Improving the safety and quality of nurse-led aged care
Our high-quality research improves the health and wellbeing of older individuals living in residential aged care.

Like their RN colleagues in the ED, RNs in RACHs are the frontline carers responsible for the safety and quality of aged care.

Anchored in a strong foundation of research evidence and expert input, HIRAID® improves the clinical outcomes, quality of patient assessment, recognition & response to clinical deterioration, nurses’ communication, decision-making, situational awareness & task management skills, and nurses' self-efficacy and levels of anxiety.

HIRAID® Aged Care will meet the contemporary practice needs of RNs working in RACHs having been co-designed and tested by them and the recipients of their care in partnership with leading aged care providers and other agencies committed to the provision of quality care in aged care nationally. HIRAID® Aged Care aims to prevent adverse events in residents, in particular those associated with infection and communicable diseases.

Australia has an ageing population and demand for high-quality aged care services will only increase in the coming years, to which quality nursing care is fundamental.

Currently, more than 1.3 million people use aged care services in Australia. Approximately 191,000 are cared for in residential aged care facilities (RACHs) delivered by approximately 830 providers in 2,700 facilities across the country.

The health needs of older Australians are unique in their complexity and comorbidity.  Almost half of the permanent RACH residents have comorbid healthcare needs including heart disease, arthritis, dementia, pain and depression.

They are at a higher risk of experiencing the adverse effects of substandard care and unexpected events, like disease outbreaks. Infections, COVID-19 and other communicable diseases, and injuries cause greater harm and mortality in older Australians compared to the general population. Consequently, residents of RACHs are in greater need of high quality, safe nursing assessment, management and care.

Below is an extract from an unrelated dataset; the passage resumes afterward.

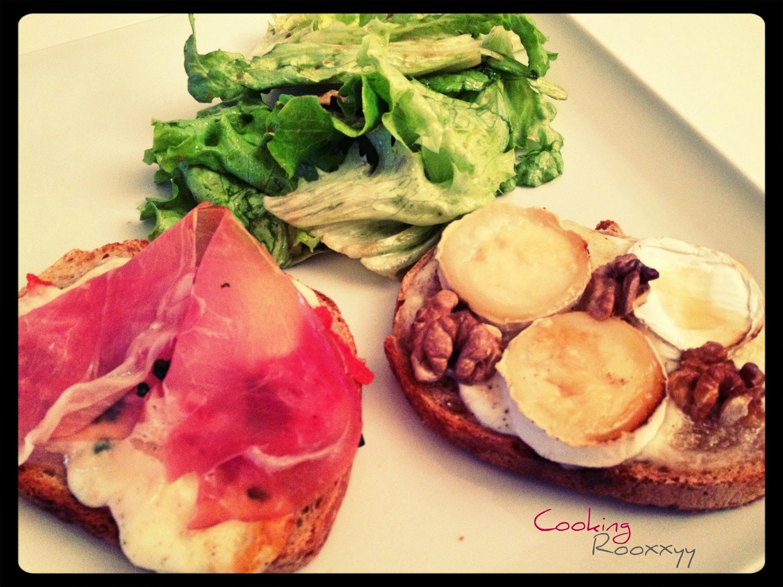 Pour ma part, j'ai un peu revisité les bruschettas classiques et j'en ai préparé deux différentes : une assez classique aux tomates, mozzarelle & jambon cru, l'autre au chèvre, miel et noix (une TUERIE pour les amateurs de ce mélange ! ;))

Registered nurses in Australia’s RACHs need more support to meet the contemporary complex health and wellbeing needs of residents.

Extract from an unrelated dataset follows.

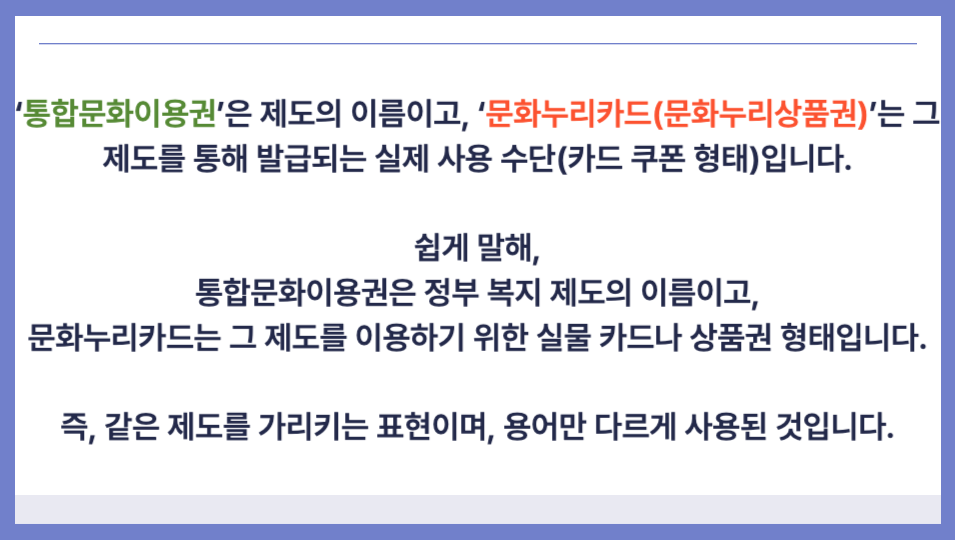 통합문화이용권은 문화 소외 계층에게 문화생활을 누릴 수 있도록 지원하는 정부의 복지 정책입니다.

As the direct care staff responsible for the initial assessment and ongoing clinical management of residents with a range of acute and chronic complex health needs, resident safety and wellbeing are contingent on their accurate assessment, interpretation of clinical data, intervention, and escalation.

HIRAID® stands for History including Infection risk Red flags, Assessment, Interventions, Diagnostics.

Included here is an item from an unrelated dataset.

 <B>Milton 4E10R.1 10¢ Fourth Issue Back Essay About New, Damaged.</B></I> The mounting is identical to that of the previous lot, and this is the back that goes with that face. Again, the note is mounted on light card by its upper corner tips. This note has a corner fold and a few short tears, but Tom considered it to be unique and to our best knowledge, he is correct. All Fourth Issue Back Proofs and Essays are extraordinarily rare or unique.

The framework encapsulates the cyclic nature of patient assessment, in which more than one element may be performed simultaneously. It also embraces the importance of reassessment and communication –  vital components of emergency nursing.  

  • History: the process of collecting details about why the patient has presented and relevant background information about the patient. Infection Risk: nested within history, and refers to the patient’s risk of infection or suspected/confirmed communicable disease, including precautions required.
  • Identify Red flags: historical or physiological indicators of urgency that identify potential or actual threat to life or limb, highlighting the need for timely escalation of care.
  • Assessment: comprehensive physical examination, prioritised to ensure life threatening conditions are identified first, followed by focused assessment guided by the presenting problem.
  • Interventions: the delivery of appropriate and prioritised interventions based on historical and physical assessment findings.
  • Diagnostics: the ordering, performing and reviewing of further investigations including pathology and diagnostic imaging.

Other elements within the HIRAID® framework:

Reassess: The evaluation of care and monitoring of patient progress. Maintain a structured approach, repeat at appropriate intervals per condition of the patient.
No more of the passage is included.